Entonces, la madre superiora se levantó y pidió silencio con un gesto suave de su mano. Era una mujer menuda, de cabello blanco y ojos claros que parecían haber visto mucho más de lo que sus palabras alcanzaban a decir. Cuando hablaba, todos nos callábamos, porque su voz tenía esa autoridad que no viene del grito, sino de la paz interior.
—Niños —nos dijo con una sonrisa—, hoy hemos cruzado una puerta de madera en el patio de nuestra parroquia. Pero yo, hace muchos años, crucé una puerta mucho más grande.
Y entonces comenzó a contarnos sus recuerdos. Nos habló de cuando era joven y había hecho una peregrinación a pie hasta Roma. Caminó durante semanas, nos contó, con los pies ampollados y el sol quemándole la nuca, pero con el corazón tan ligero como una pluma. No iba sola; había otras personas con ella, algunas cargando cruces pequeñas, otras llevando rosarios entre los dedos, todos unidos por un mismo deseo: llegar a la tumba de San Pedro y tocar con sus manos la fe que habían heredado de sus padres.
—Cuando llegué a la Basílica de San Pedro —nos dijo con la voz llena de emoción—, caminé hasta el altar mayor, donde la tradición nos dice que descansa el cuerpo de Pedro, el pescador que se convirtió en la roca sobre la que Cristo edificó su Iglesia. Y allí, en ese lugar sagrado, entendí que no había caminado solo con mis pies. Había caminado con los pies de todos los que creyeron antes que yo, y con los pies de todos los que creerían después.
—En el camino —continuó la Madre Superiora, con la mirada perdida en algún lugar que solo ella veía— conocí a gente de todos los rincones del mundo. Una mujer de Polonia que no hablaba mi idioma, pero que me ofreció un trozo de pan cuando yo no tenía nada. Un anciano de Francia que cantaba salmos mientras caminaba, y cuya voz me acompañó durante días enteros. Un grupo de jóvenes de Italia que reían y lloraban al mismo tiempo, porque sabían que estaban haciendo algo grande.

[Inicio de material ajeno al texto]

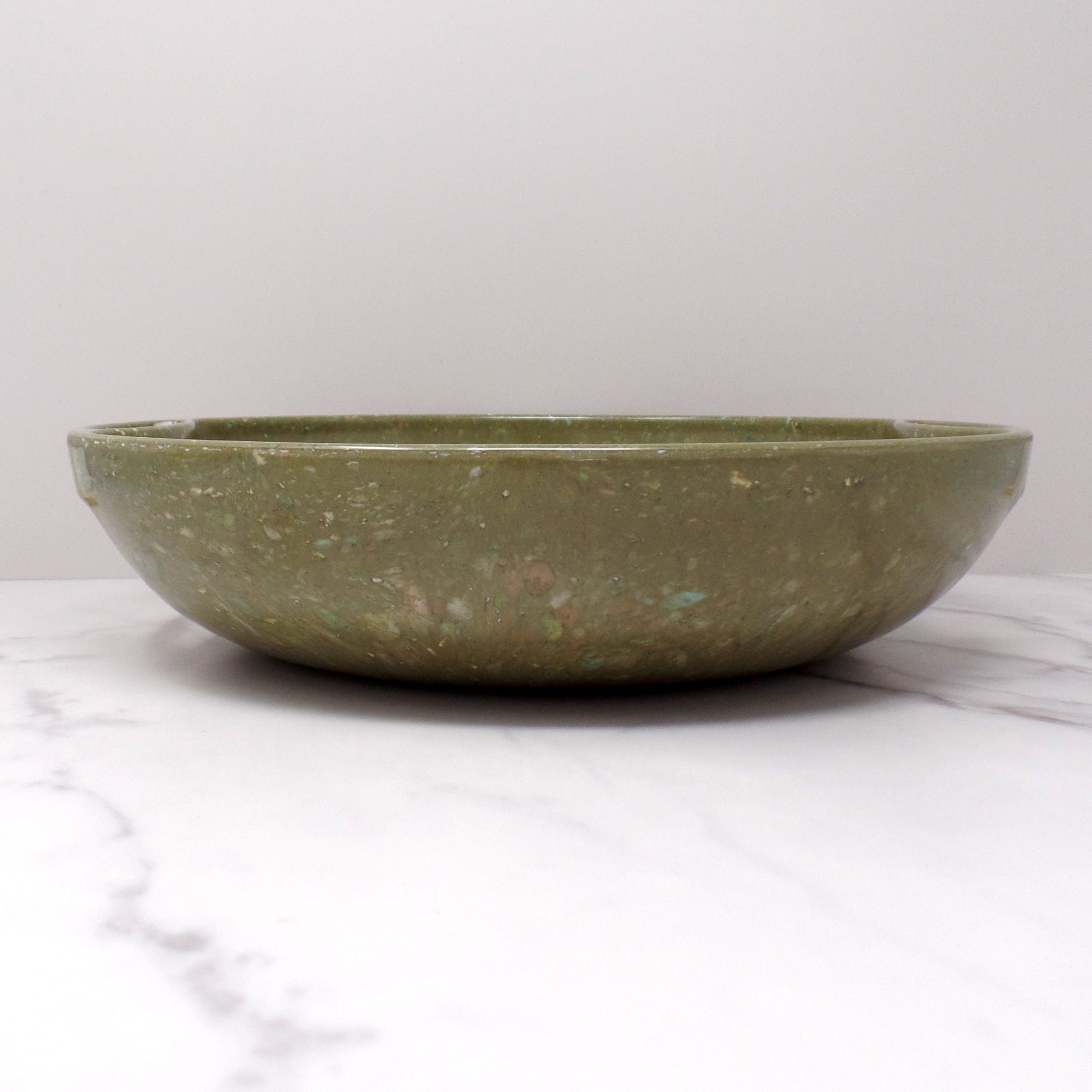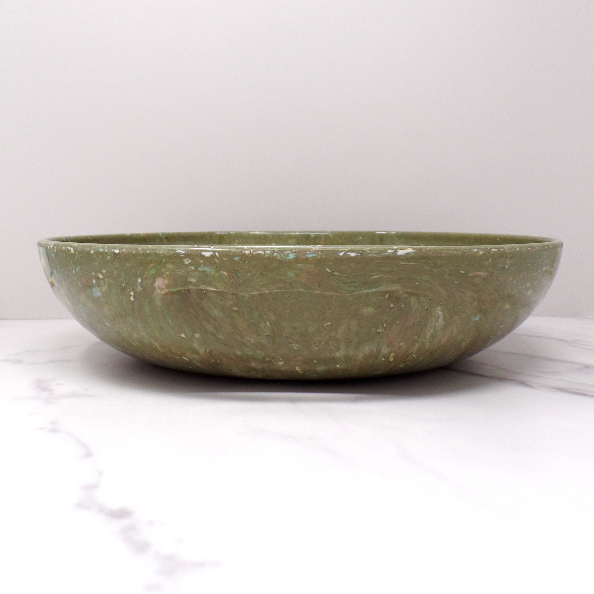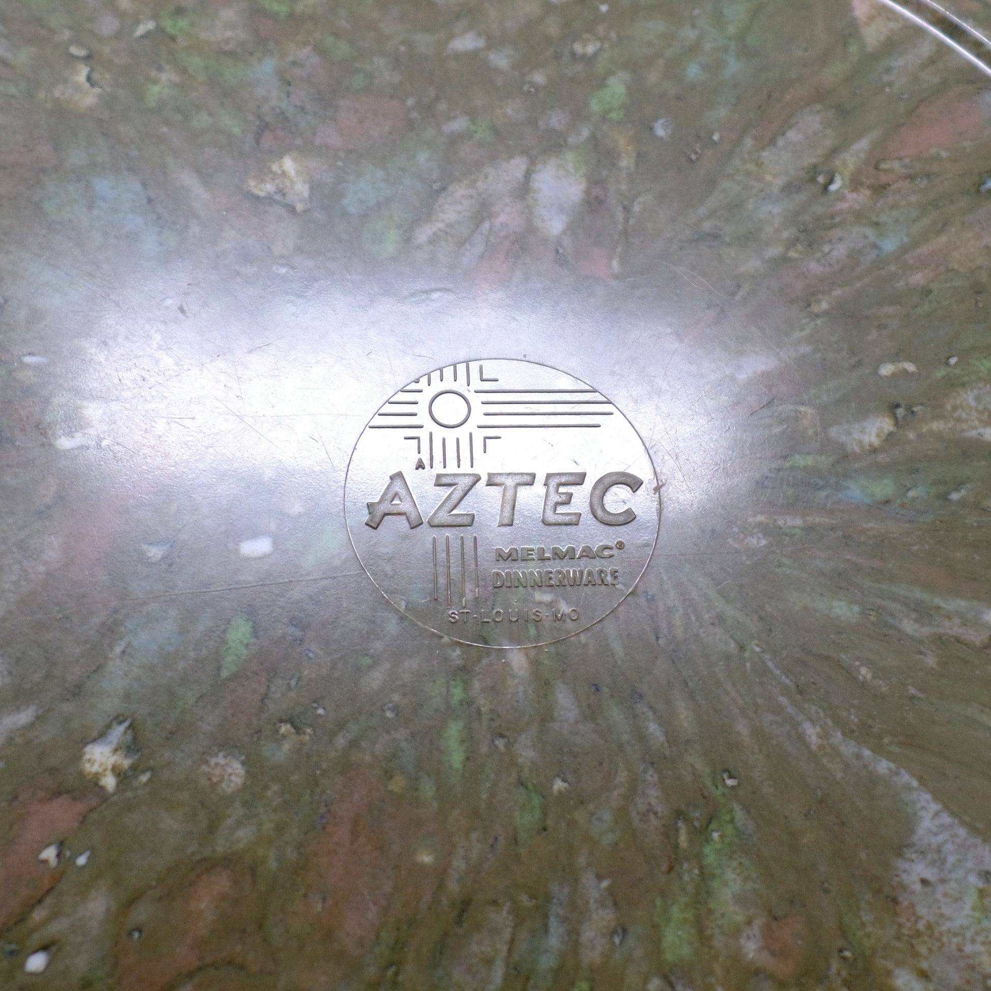 Vintage Aztec melamine / melmac round salad serving bowl in olive green confetti. Made in the USA in the 1960s. Very good vintage condition with some scratches from use.

—Vi lugares que jamás olvidaré —prosiguió—. Pueblos diminutos donde las campanas de la iglesia sonaban solo para nosotros, los peregrinos. Campos de girasoles que parecían saludarnos al pasar. Una capilla en medio de la nada, tan pequeña que solo cabían tres personas, pero donde el silencio era tan profundo que se podía sentir a Dios respirar.
Mientras la madre superiora hablaba, yo la escuchaba con los ojos muy abiertos y la cabeza llena de preguntas que no me atrevía a hacer en voz alta. Sus pies habían recorrido caminos de verdad, no como los nuestros, que solo iban de la casa al colegio y del colegio a la parroquia. Ella había visto las campanas de Roma, había tocado las piedras de la Basílica, había caminado hasta la tumba de San Pedro. Para mí, que apenas había salido de Filadelfia, todo eso sonaba tan lejano como la luna.
Y mientras ella hablaba, una pregunta comenzó a crecer dentro de mí, silenciosa y persistente, como una semilla que se abre paso bajo la tierra:
¿Por qué Dios vive tan lejos?
Porque en mi cabeza de niña, Dios estaba en Roma. Estaba en el Vaticano, detrás de esas cúpulas doradas que veía en las estampitas y en los libros del catecismo. Estaba donde estaba el Papa, donde estaban las basílicas, donde estaba la tumba de San Pedro. Y si Dios vivía en Roma, entonces estaba muy, muy lejos de Filadelfia. Estaba al otro lado del océano, en un país que solo conocía por los acentos de mis compañeros y por las historias que contaban las monjas.
Yo no podía viajar a Roma. No tenía dinero, no tenía pasaporte, no tenía edad para cruzar el mundo sola. Y entonces, si Dios vivía tan lejos, ¿cómo iba a llegar hasta Él? ¿Cómo iba a recibir esa bendición que prometían si yo no podía hacer el viaje? ¿Por qué había que sufrir tanto, caminar tanto, esperar tanto, solo para ver al Papa o para tocar una tumba?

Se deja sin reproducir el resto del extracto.